■ DATA PROVIDED:
::::::::
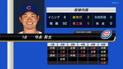 カブス・今永昇太、初登板初勝利!103年ぶり!MLBデビュー戦で9三振0四球
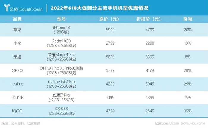 今年的618也被业界称为手机市场“最卷的一年”。最直观的表现就是连苹果都加入了价格大跳水,亿欧整理了部分主流品牌机型的618优惠情况,可以看到包括国内TOP5在内的手机厂商都将手机价格打到了“骨折”。
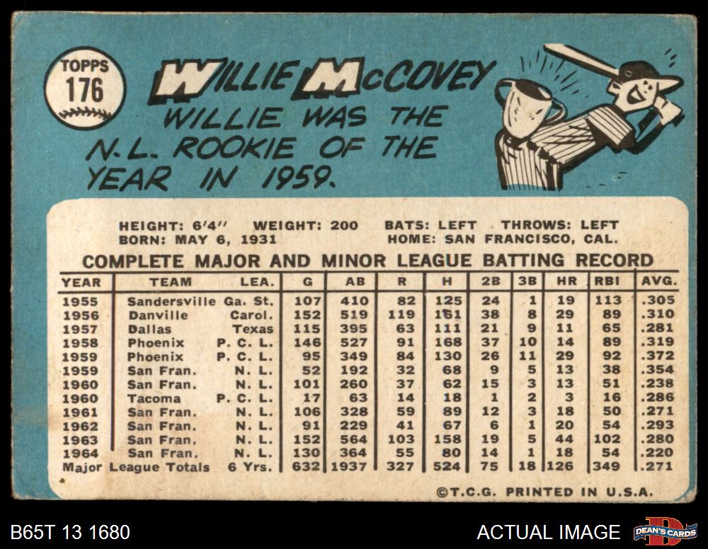 1965 Topps #176 Willie McCovey 1.5 - FAIR
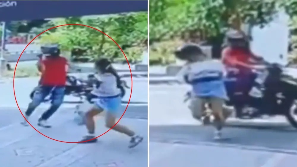 Las cámaras de seguridad captaron el momento en el que la mujer caminaba por un andén, cuando un motorizado de camisa roja se bajó del vehículo para intentar quitarle el celular.
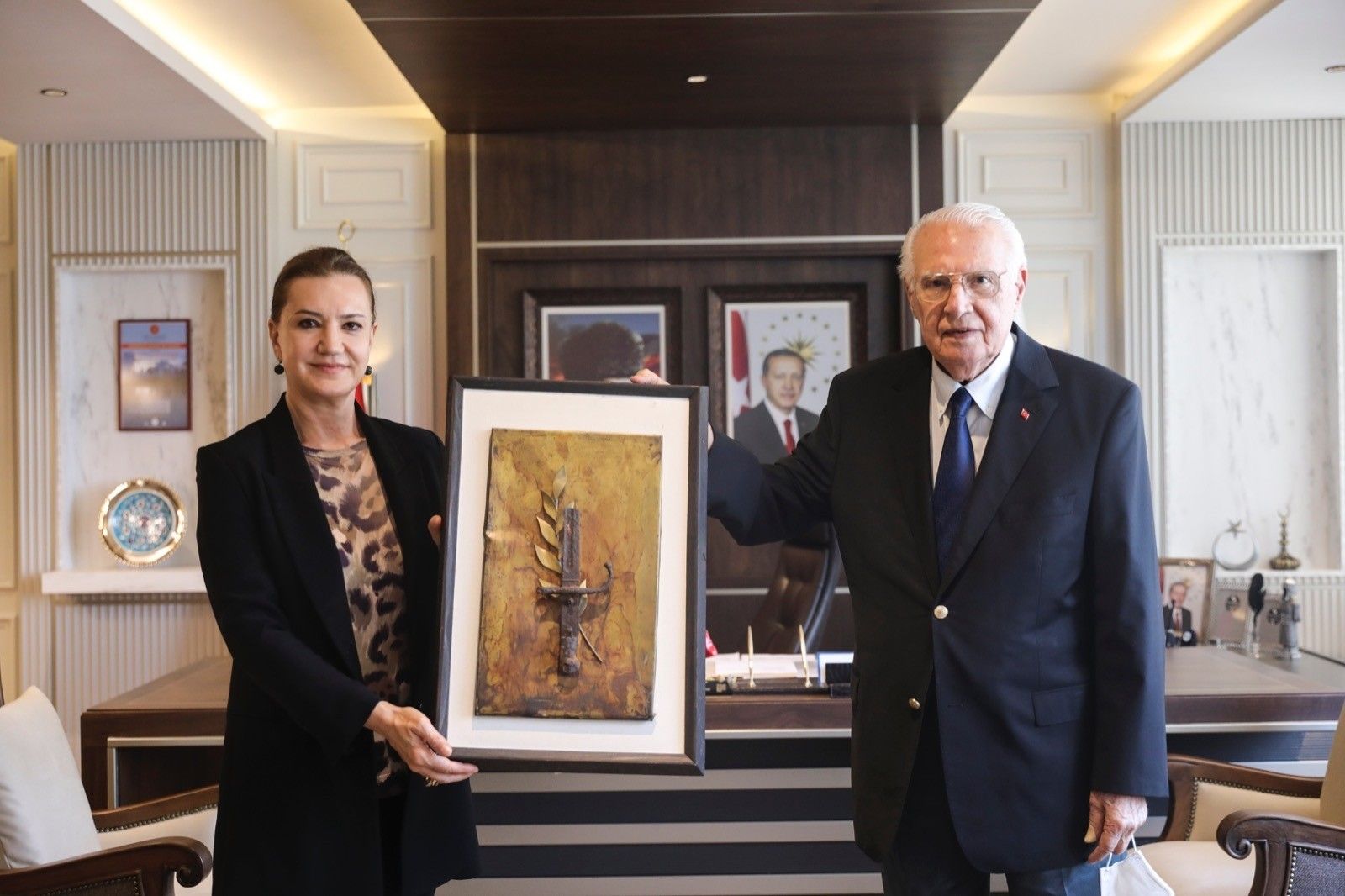?Bayrakbilim ve Türk Bayrakları Müzesine bir bağış da DEÜ İktisadi ve İdari Bilimler Fakültesi emekli öğretim üyesi Prof. Dr. Adnan Gülerman'dan geldi. Bir dönem hocalığını da yaptığı DEÜ Rektörü Prof. Dr. Nükhet Hotar'ı ziyaret eden Prof. Dr. Gülerman, 1950 yılında Çanakkale'de kendisinin bulduğu ve 1922 yılında bölgedeki kahraman Türk askerleri tarafından kullanıldığı tahmin edilen süngüyü Bayrakbilim ve Türk Bayrakları Müzesi'ne bağışladı. Rektör Hotar, Gülerman'a kıymetli bağışları nedeniyle teşekkür etti.
::::::::
■ YOUR OBJECTIVE:
What you return must match the entries above exactly, apart from the pictures, which are left out.

■ RESPONSE BELOW:
 カブス・今永昇太、初登板初勝利!103年ぶり!MLBデビュー戦で9三振0四球
 今年的618也被业界称为手机市场“最卷的一年”。最直观的表现就是连苹果都加入了价格大跳水,亿欧整理了部分主流品牌机型的618优惠情况,可以看到包括国内TOP5在内的手机厂商都将手机价格打到了“骨折”。
 1965 Topps #176 Willie McCovey 1.5 - FAIR
 Las cámaras de seguridad captaron el momento en el que la mujer caminaba por un andén, cuando un motorizado de camisa roja se bajó del vehículo para intentar quitarle el celular.
?Bayrakbilim ve Türk Bayrakları Müzesine bir bağış da DEÜ İktisadi ve İdari Bilimler Fakültesi emekli öğretim üyesi Prof. Dr. Adnan Gülerman'dan geldi. Bir dönem hocalığını da yaptığı DEÜ Rektörü Prof. Dr. Nükhet Hotar'ı ziyaret eden Prof. Dr. Gülerman, 1950 yılında Çanakkale'de kendisinin bulduğu ve 1922 yılında bölgedeki kahraman Türk askerleri tarafından kullanıldığı tahmin edilen süngüyü Bayrakbilim ve Türk Bayrakları Müzesi'ne bağışladı. Rektör Hotar, Gülerman'a kıymetli bağışları nedeniyle teşekkür etti.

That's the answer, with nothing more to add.